What is Troygle?

Troygle is a group of Troy citizens committed to bringing Google’s ultra-high-speed broadband to Troy to transform the way people play and do business here, and to catapult Troy into the future. Google will be test-piloting ultra-high-speed broadband in select communities around the United States, and Troy has the opportunity to apply to be a part of this trial. With cities across the nation vying to stand out and attract Google’s broadband network, local citizens have been hard at work trying to attract the company to the Collar City.

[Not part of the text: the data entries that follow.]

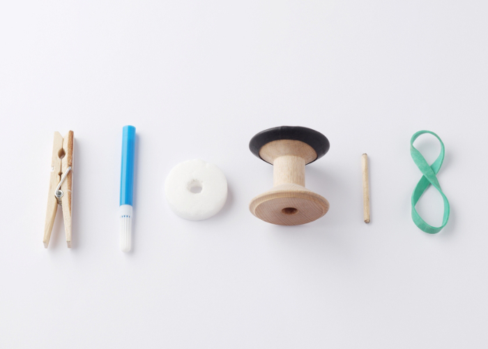 Machined Beech cotton reel, cloths peg, felt tip pen, rubber band, tyre and a small bit of wax
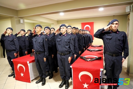 Rize İl Jandarma Komutanlığında vatani görevini yapan 41 kısa dönem er, düzenlenen törenle yemin etti.
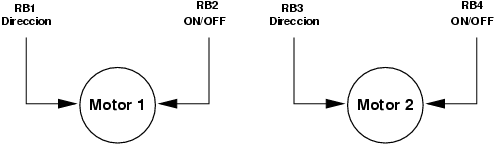 Para mover los motores y por tanto controlar el robot sólo hay que dar valors a los bits RB4, RB3, RB2 y RB1 del puerto B del PIC. Es decir, el robot se mueve escribiendo valores en el puerto B. Para leer los sensores, sólo hay que leer el puerto B y conocer en qué estado están los bits RB0, RB5, RB6 y RB7.
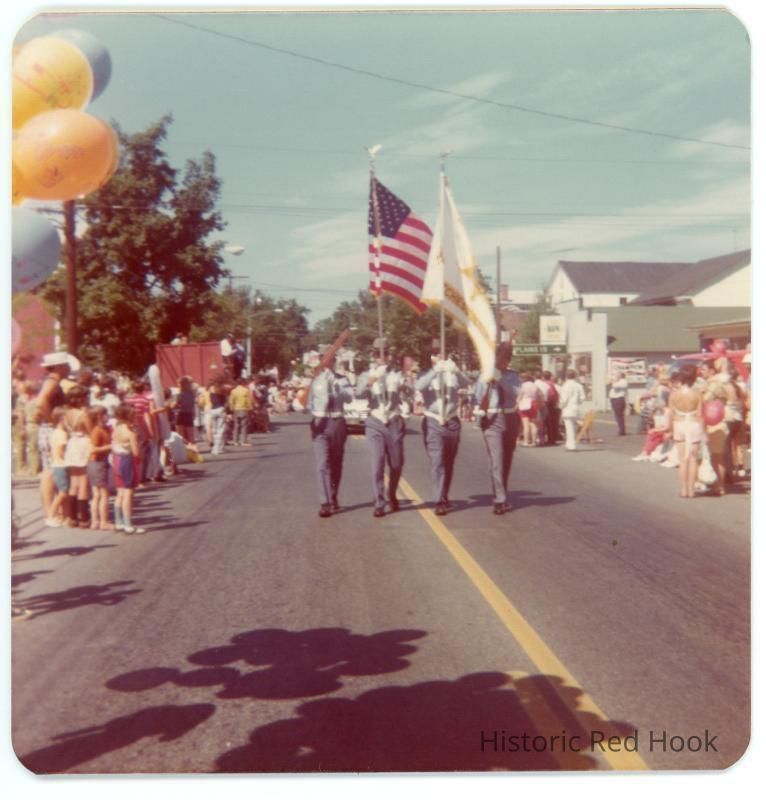 Memorial Day parade, South Broadway looking north, 1971. Melley's 'Five and Dime" on the right, by this time auto parts store before new controversial building. Original color Kodak print.Collection
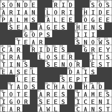 ACROSS 1. Something which is sent 6. To free from 9. Mayday 12. Believer in; advocate of (suffix) 13. Australian parrot (variant) 14. Flintstone garb 15. Insides of hands 16. Toward shelter 17. Double curve, resembling the letter S 18. Ocean 19. Grows older 20. Coop moms 21. Republicans 23. One more than two 24. Rend 25. Frozen precipitation (plural) 28. Automobile 30. Amusement-park features 34. Jennifer or Joel 35. Lyricist Gershwin 36. Failure 38. It is 39. Canisters 41. Sir (Sp.) 43. Eastern Standard Time (abbr.) 44. Artist's stand 46. Raised platform 48. Area sheltered from the wind 49. Back-to-school mo. 50. Bits 51. US Secretary of Labor Elaine L. _ 53. Possessed 56. Haul 57. Ancient Greek god of war 58. Corrects by punishment or discipline 60. Composer Stravinsky 61. Perceives with the eye 62. Ancient Celtic tribe of eastern Britain 63. Ewer handle 64. Leather borer 65. 2nd pers. sing. pres. of can (arch.) DOWN 1. Plant excrement 2. Mouths or openings 3. "Death on the ____" 4. Break 5. Followers of ems 6. Hero or heavy, e.g. 7. Angers 8. Expire 9. Seigniories (variant) 10. Lyric poems 11. Observe 13. Fails to keep up a pace 14. Cultivating 19. Showery time 20. Part of HMS, perhaps 22. Boat paddle 24. Interpreter 26. Soaks 27. System (abbr.) 28. Quote 29. Operatic vocal solo 31. Two (Sp.) 32. Compass dir. 33. Elected rep. 37. Cowboy competition 40. Sowing specialist 42. Hit sharply and swiftly 45. French article 47. New York city 49. Backtalk 50. Ancient Roman robe 51. Ship's personnel 52. The bottom of a shoe or boot 54. So be it 55. Lairs 56. Make a knot 57. White ___ sheet 58. Nervous spasm 59. Be seated

Your help is needed! It takes just a few minutes to fill out a very simple application to let Google know why Troy is a great place. The more residents who apply, the better the chances of winning the bid. Applications are due March 26th.

Not only is Troy the “All-American City” – the official home of Uncle Sam – Troy is the birthplace of countless innovations, the place where history, culture and technology meet. It has an educational environment, with excellent infrastructure and modest costs for housing and commercial space. It is time for Troy’s next innovation – to lead the way with Google by bringing ultra-high-speed broadband to a diverse, creative, historic city.

A number of meetings have been held by the Troygle group to discuss the application for Google to use the city as one of its test sites for its upcoming ultra-high-speed broadband network and  to discuss the many community and technology-based details which must go into the city’s application.  With the help of resident Lisa Graham, a video shoot was also held during the Waterfront Farmers market in the Troy Atrium to interview local residents about why they want Google broadband and how their lives and businesses would benefit from such technology. The group is hosting a face-off in Monument Square on March 23rd, from 5-7pm called “The Need for Speed” between the Hellions of Troy roller derby league and the Rensselaer Polytechnic Institute hockey team while  incorporating Google tools and technology into the event.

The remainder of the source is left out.